A Time Limit on Co-op Applications is Shot Down

New York State

Aug. 17, 2016 — Lobbying by co-op advocates avoids a trip down a “slippery slope.”

A massive lobbying effort by co-op advocates helped kill a bill in the closing days of the current session of the state legislature that would have required co-op boards to rule on buyer applications within 45 days. Failure to do so would have resulted in the automatic acceptance of the applicant as a shareholder in the cooperative.

The so-called “Fairness in Cooperative Home Ownership Act” was intended to combat discrimination by boards. The opposition to the bill was led by The Building & Realty Institute and the Westchester County-based Cooperative and Condominium Advisory Council, who were joined by the Council of New York Cooperatives and Condominiums (CNYCC), the New York Real Estate Journal reports.

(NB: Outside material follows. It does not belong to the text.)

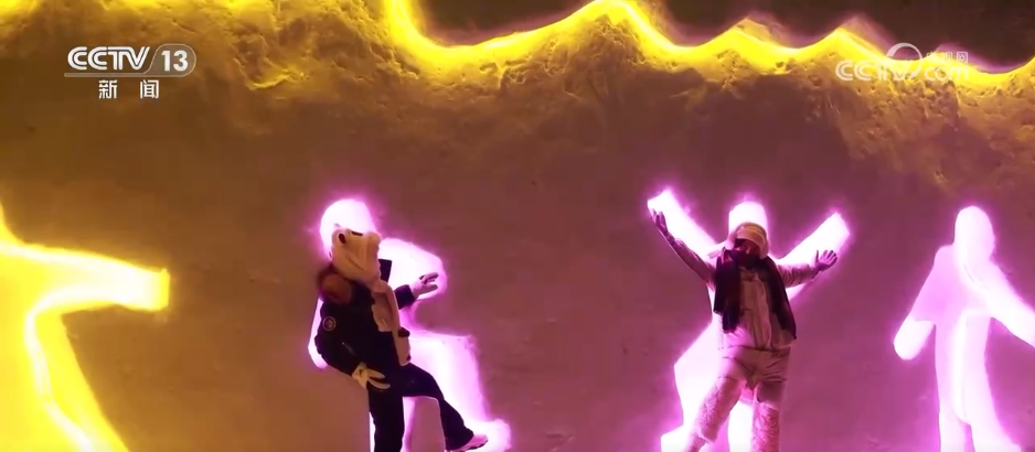 夜幕下的漠河市北極村被燈光點亮,惟妙惟肖的雪雕有了不一樣的顏色。在小廣場上,天南地北的游客聚在一起攜手起舞,并用鏡頭記錄下浪漫的煙火。為滿足滑雪愛好者的需求,當(dāng)?shù)匮﹫鼋衲晔状伍_放夜滑,并新增了雪道。

“This bill would be detrimental to the vast majority of cooperatives who behave well and respect applicants,” said Mary Ann Rothman, executive director of the CNYCC. “It also is the start of a slippery slope towards total oversight of the admissions process…including mandatory disclosure of the reasons for a co-op board’s decision on an application.”

Added Ronald Finger, attorney for the co-op lobbying groups, “This is a clear-cut example of the state legislature attempting to usurp the authority of cooperatives, and it is an outrage.”